En otras palabras, en el caso de China persiste el riesgo de que ante una controversia la confrontación sea entre Estados, lo cual evidentemente para las naciones más débiles e incluso dependientes de la economía China, como es la chilena, podría implicar un escenario de afectación a su seguridad internacional e, incluso, a su soberanía nacional.
Una solución a esta situación es que el país retorne al sistema de los contratos de inversión extranjera que contemplaba el DL 600, inexplicablemente derogado junto a la disolución de un Comité de Inversiones Extranjeras que fijaba las reglas del juego para el inversionista, prescribiendo que las inversiones y el inversionista debían sujetarse a la ley nacional, ello en conformidad a lo mandatado por el artículo 21 de la Constitución, que en materias económicas garantiza “el derecho a desarrollar cualquier actividad económica que no sea contraria a la moral, al orden público o a la seguridad nacional, respetando las normas legales que la regulan”.
En reemplazo del mencionado comité, se estableció una agencia meramente de lobby que ha dejado en la indefensión jurídica al país.
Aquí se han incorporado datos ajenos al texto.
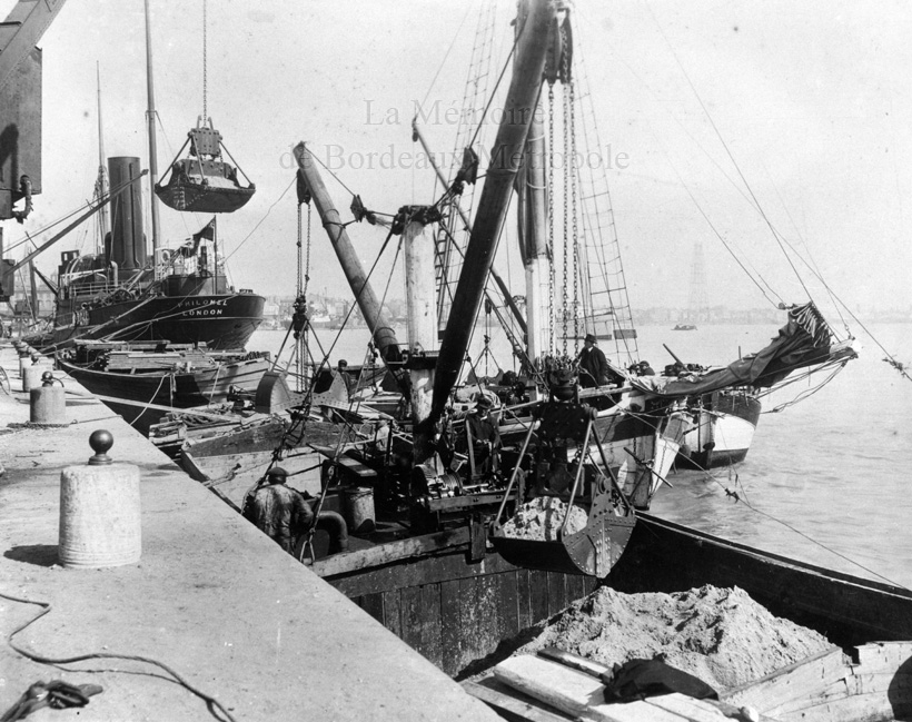 Déchargement de gabares aux quais de Bordeaux
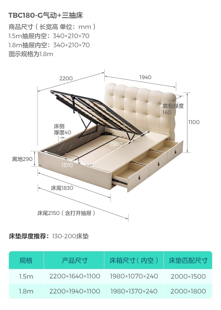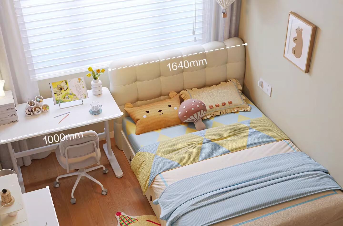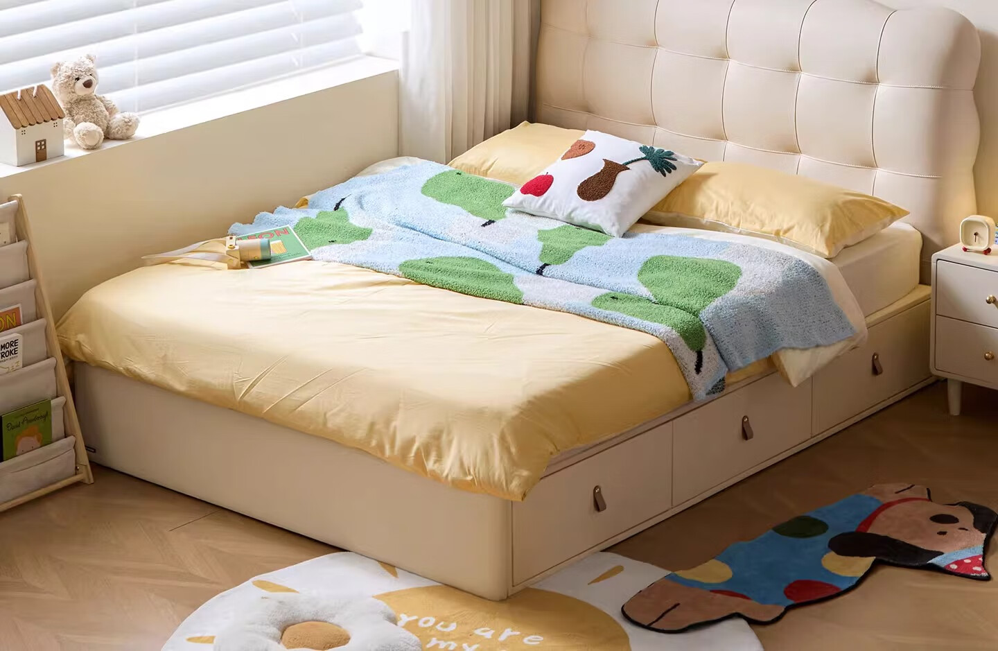 Lin's home children's bed 1.5 meters bedroom bed cream style puff bed boys and girls single bed TBC180

Por otra parte, los Acuerdos de Protección de Inversión suscritos con una cincuentena de naciones, igualmente se aplican a inversiones realizadas por nacionales de Estado extranjeros y no por Estados, como es el caso de China, quedando así abierta la puerta a conflictos entre Estados de muy incierta predicción.
Es más que probable que las entidades nacionales responsables del resguardo de la seguridad internacional y de la soberanía nacional, incluidas las FF.AA., estén analizando en profundidad los diferentes escenarios que puedan suscitarse a futuro en la materia, en la idea evidentemente de prevenirlos o saber cómo abordarlos.
Las reflexiones anteriores no han de interpretarse conceptualmente en contra de la inversión extranjera. Sabemos que su aporte es necesario en el desarrollo del país, no obstante, los parámetros para evaluarla han evolucionado, en un contexto internacional titubeante, por lo que el país debería regularla en concordancia con las exigencias actuales: cautelando estrictamente sus recursos naturales; evitando las de carácter meramente extractivista que no agreguen valor; con riguroso celo en la protección del medio ambiente y previniendo puedan de cualquier forma poner en riesgo la seguridad internacional y la soberanía nacional.